Re: http charset labelling

Keld J|rn Simonsen (keld@dkuug.dk)
Thu, 1 Feb 1996 17:50:26 +0100


Message-Id: <199602011650.RAA22955@dkuug.dk>
From: keld@dkuug.dk (Keld J|rn Simonsen)
Date: Thu, 1 Feb 1996 17:50:26 +0100
In-Reply-To: Larry Masinter <masinter@parc.xerox.com>
To: Larry Masinter <masinter@parc.xerox.com>
Subject: Re: http charset labelling
Cc: uri@bunyip.com

Larry Masinter writes:

> It would not require changing any existing specification for someone
> to create a web server that interpreted
> 
>    http://host.dom/encoding/selector
> 
> to mean that 'encoding' was a particular encoding of the given
> selector. The web server could even return a 'Location:' header in the
> results that would give a canonical encoding, just so as not to
> confuse caches.
> 
> 'encoding' could even be UTF7, for example.

So an example could be:

     http://host.dom/UTF7/index.html   ?

The server should then recognize the first part of the
locator as the charset, and then translate the following locator
into the charset of the server. This should only be done when
the first part is one of a set of recognized charsets.

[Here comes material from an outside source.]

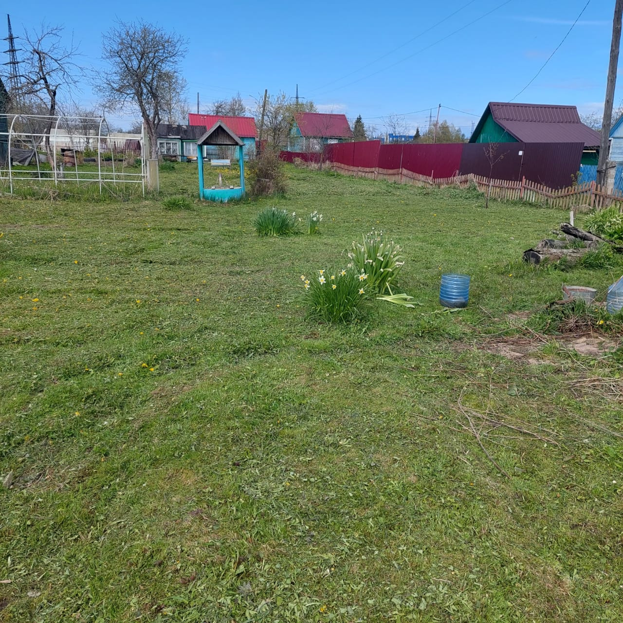 Участок ровный, сухой, частично культивированный, с садовыми насаждениями, цветами, имеется колодец для питьевой воды и для полива (не пересыхает ),в конце участка имеется еще один садовый домик, но в среднем состоянии для хозяйственных нужд.

The notation should not be on business cards etc, I think we
all agree on this. It should not either be in URLs in html docs,
I also think we all agree on that.

Would there not then be a problem when the charset be automatically
inserted by the browser? The browser would not know which
servers would understand the new convention. So a lot of
havoc would be created with a browser enhanced in this way.

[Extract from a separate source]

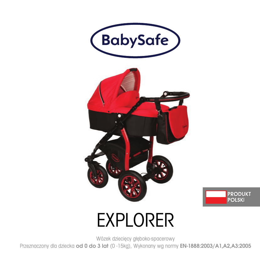 EXPLORER Wózek dziecięcy głęboko-spacerowy Przeznaczony dla dziecka od 0 do 3 lat (0 -15kg), Wykonany wg normy EN-1888:2003/A1,A2,A3:2005 DZIĘKUJEMY ZA ZAKUP NASZEGO WÓZKA Przed rozpoczęciem użytkowania należy przeczytać niniejszą instrukcję i zachować ją na później. Bezpieczeństwo dziecka może być zagrożone w przypadku nie stosowania zaleceń zawartych w niniejszej instrukcji! OSTRZEŻENIA: - Wózek przeznaczony jest dla dzieci w wieku 0-36 miesięcy i do masy 15 kg. - Pozostawienie dziecka bez opieki może grozić niebezpieczeństwem. - Przed użyciem wózka upewnij się, że mechanizmy składania wózka zostały zablokowane. - Używaj, szelek gdy dziecko zacznie samodzielnie siadać. - Nie stosuj materacyka grubszego niż 20 mm. - Zawsze używaj pasa krokowego w połączeniu z pasem biodrowym. - Każde obciążenie zawieszone na prowadnicy wózka narusza jego stabilność. - Produkt nie jest przeznaczony do jazdy na rolkach, łyżwach ani do biegania. - Wózek służy do przewozu tylko 1 dziecka. - Nigdy nie zostawiaj wózka z dzieckiem na pochyłości nawet jeśli hamulec został zablokowany, gdyż istnieje prawdopodobieństwo zsunięcia. - Nie używaj wózka jeśli jakikolwiek jego element został uszkodzony. - Upewnij się, że podczas składania i rozkładania wózka dziecko znajduje się w bezpiecznej odległości. - Dokonując, regulacji należy upewnić się, że części ruchome produktu nie stykają się z częściami ciała dziecka. - Zawsze należy blokować hamulec podczas postoju. - Nie przenoś gondoli z dzieckiem w środku. Uchwyt w budce służy wyłącznie do przenoszenia pustej gondoli. - Nigdy nie przenoś wózka z dzieckiem w środku, trzymając za barierkę. Grozi wypadkiem. - Maksymalne obciążenie koszyka wynosi 2 kg. - Maksymalne obciążenie torby wynosi 2 kg. - W produkcie powinny być zastosowane wyłącznie oryginalne części zatwierdzone przez producenta. - Wjeżdżając na krawężnik lub inny stopień należy podnieść przednie zawieszenie. - Nie zjeżdżać wózkiem po schodach. - Wózek należy przechowywać w miejscu suchym, niedostępnym dla dzieci. - Zabrania się poprzecznego kołysania wózka na boki. INSTRUKCJA OBSŁUGI ROZKŁADANIE WÓZKA Aby rozłożyć wózek, połóż go na płasko (rys. 1), przeciągnij rączkę do góry, a następnie energicznie do siebie, aż do zablokowania się mechanizmu składania. UWAGA ! Upewnij się, że wózek jest prawidłowo rozłożony przed rozpoczęciem użytkowania. MONTAŻ I DEMONTAŻ KÓŁ Aby zdemontować koła tylne, wciśnij przycisk znajdujący się w centralnej części koła (rys. 2) i zdejmij je z osi. Aby je powtórnie zamontować wsuń koła na oś, aż do momentu zablokowania trzymając wciśnięty przycisk w centralnej części koła. Koła przednie zdejmujemy poprzez przyciśnięcie górnego przycisku w obrotnicy (rys. 4) i wyjmujemy całe koło z osią. Aby powtórnie założyć koło należy oś włożyć do obrotnicy i wciskać, aż do momentu zablokowania (rys. 4). UWAGA ! Upewnij się, że wszystkie koła są prawidłowo zamontowane, przed rozpoczęciem użytkowania. HAMULEC POSTOJOWY Wózek wyposażony jest w hamulec postojowy tylny. Aby zablokować hamulec, wciśnij jego stopkę (rys. 5). W celu odblokowania, unieś stopkę. UWAGA ! Przed rozpoczęciem jazdy, upewnij się, że hamulec jest odblokowany. UWAGA ! Zawsze blokuj hamulec bezpieczeństwa, gdy pozostawisz wózek na nachylonej powierzchni. UWAGA ! Hamulec nie służy do zwalniania, należy go zablokować po całkowitym zatrzymaniu wózka. REGULACJA WYSOKOŚCI RĄCZKI Wózek posiada regulację wysokości rączki. Aby dokonać regulacji , wciśnij okrągłe przyciski, znajdujące się po obu stronach rączki, a następnie ustaw właściwą wysokość (rys. 6) MONTAŻ I DEMONTAŻ GONDOLI Aby zamontować gondolę ustaw plastikowe prowadnice pionowo (rys. 7).Następnie wprowadź je do kaset znajdujących się po obu stronach ramy do momentu zablokowania. Aby gondolę zdemontować, naciśnij jedną ręką przycisk znajdujący się przy kasecie, a następnie pociągnij gondolę ku górze (rys. 8) UWAGA ! Przed rozpoczęciem użytkowania wózka upewnij się, że gondola jest prawidłowo zamontowana. Gondola posiada funkcję kołysania i regulowany podgłówek, którego pozycję uzyskujemy pociągając go do góry, a opuszczamy podnosząc blokadę (rys. 9). Funkcję kołysania gondoli blokujemy przez wysunięcie podpórek z przodu i tyłu gondoli. REGULACJA BUDKI Regulacja budki wózka przy gondoli odbywa się poprzez naciśnięcie przycisków po obu stronach budki (rys. 10). Montaż budki wózka przy spacerówce odbywa się na wcisk w przeznaczone do tego otwory (rys. 11). Późniejsza regulacja odbywa się poprzez delikatne przesuwanie do przodu lub do tyłu. MONTAŻ I DEMONTAŹ SIEDZISKA Wózek posiada możliwość montażu siedziska zarówno przodem jak i tyłem do kierunku jazdy (rys. 12). Siedzisko montujemy i demontujemy tak samo jak gondolę (patrz MONTAŻ I DEMONTAŻ GONDOLI). UWAGA ! Upewnij się ,że siedzisko jest prawidłowo zamontowane przed rozpoczęciem użytkowania. UWAGA ! Wózek składać przy oparciu złożonym do pozycji leżącej. REGULACJA PODNÓŻKA Wózek ma regulowany podnóżek. By ustawić we właściwej pozycji wcśnij przyciski po obu stronach (rys. 13). MONTAŻ I DEMONTAŻ BARIERKI Siedzisko posiada barierkę bezpieczeństwa. Aby ją zamontować zamknij „skrzydełka” blokady. W celu jej zdemontowania należy otworzyć „skrzydełka” blokady (rys. 14), a następnie pociągnąć do siebie. Barierkę można odpinać jednostronnie. UWAGA ! Zawsze używaj barierki razem z pasem zabezpieczającym, gdy w siedzisku znajduje się dziecko. UWAGA ! Barierka nie służy do przenoszenia wózka. PASY BEZPIECZEŃSTWA Siedzisko wyposażone jest w 5-punktowe pasy bezpieczeństwa. Należy ich używać od momentu, gdy dziecko zaczyna samodzielnie siadać. Usadź dziecko, wyreguluj długość paskó

I think there is a clear migration path stipulated in the HTTP spec,
and that is via the major and minor numbers in the HTTP/M.N
version notation and the rules layed down there, which says that
within the same major version a server should just respond
as normal, ignoring the headers that it does not understand.
That's why I advocate a header-based solution.

keld